Work item: The material below is to be copied exactly from the line with "아코의 시그니처 곰돌이가" up to and including the line with "Cream, Blusar &", with nothing else kept and no pictures.

Source material:
————
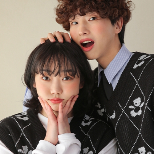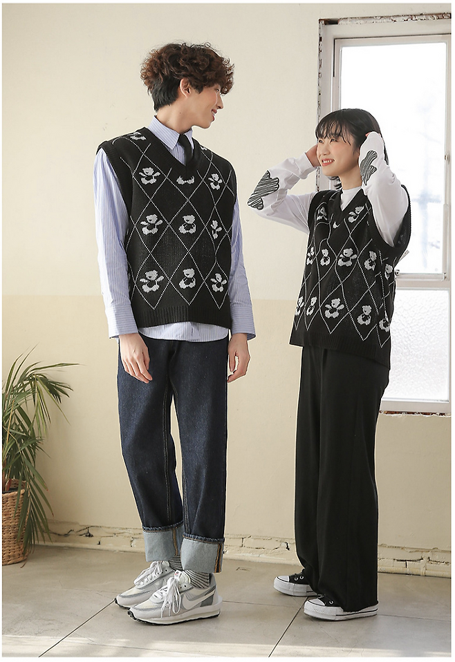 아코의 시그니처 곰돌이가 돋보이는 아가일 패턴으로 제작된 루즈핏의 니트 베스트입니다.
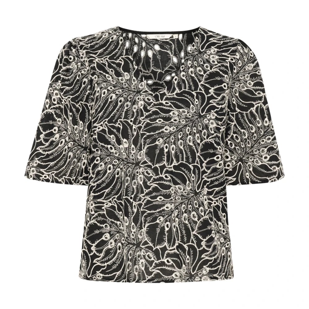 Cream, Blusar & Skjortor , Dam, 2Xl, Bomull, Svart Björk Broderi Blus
————
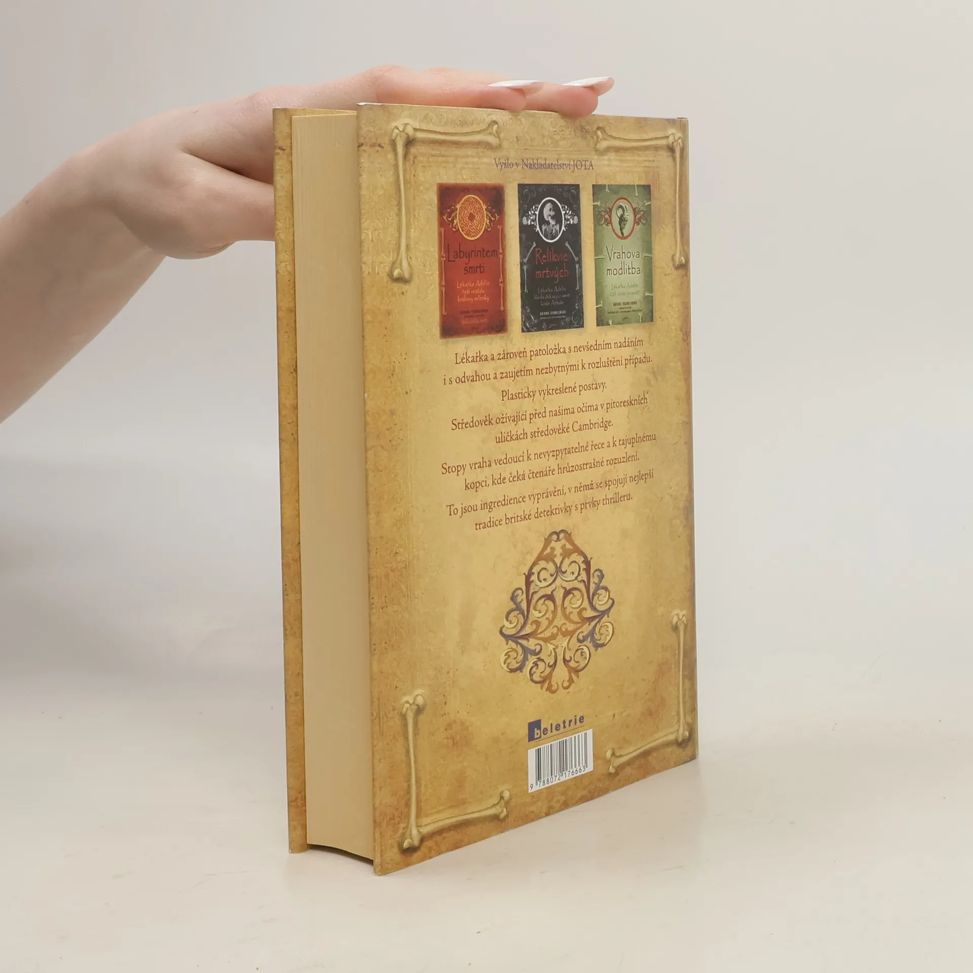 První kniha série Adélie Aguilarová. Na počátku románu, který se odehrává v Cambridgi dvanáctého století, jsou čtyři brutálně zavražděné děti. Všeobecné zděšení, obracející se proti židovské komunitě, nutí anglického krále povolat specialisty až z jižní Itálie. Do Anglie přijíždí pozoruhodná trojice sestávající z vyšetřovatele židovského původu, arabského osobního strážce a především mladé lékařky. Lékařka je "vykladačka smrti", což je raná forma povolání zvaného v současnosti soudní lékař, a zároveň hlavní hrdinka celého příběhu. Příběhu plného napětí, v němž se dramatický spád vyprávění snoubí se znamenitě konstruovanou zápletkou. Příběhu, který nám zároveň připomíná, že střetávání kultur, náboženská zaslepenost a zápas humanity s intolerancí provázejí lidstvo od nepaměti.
————
The answer:
 아코의 시그니처 곰돌이가 돋보이는 아가일 패턴으로 제작된 루즈핏의 니트 베스트입니다.
 Cream, Blusar & Skjortor , Dam, 2Xl, Bomull, Svart Björk Broderi Blus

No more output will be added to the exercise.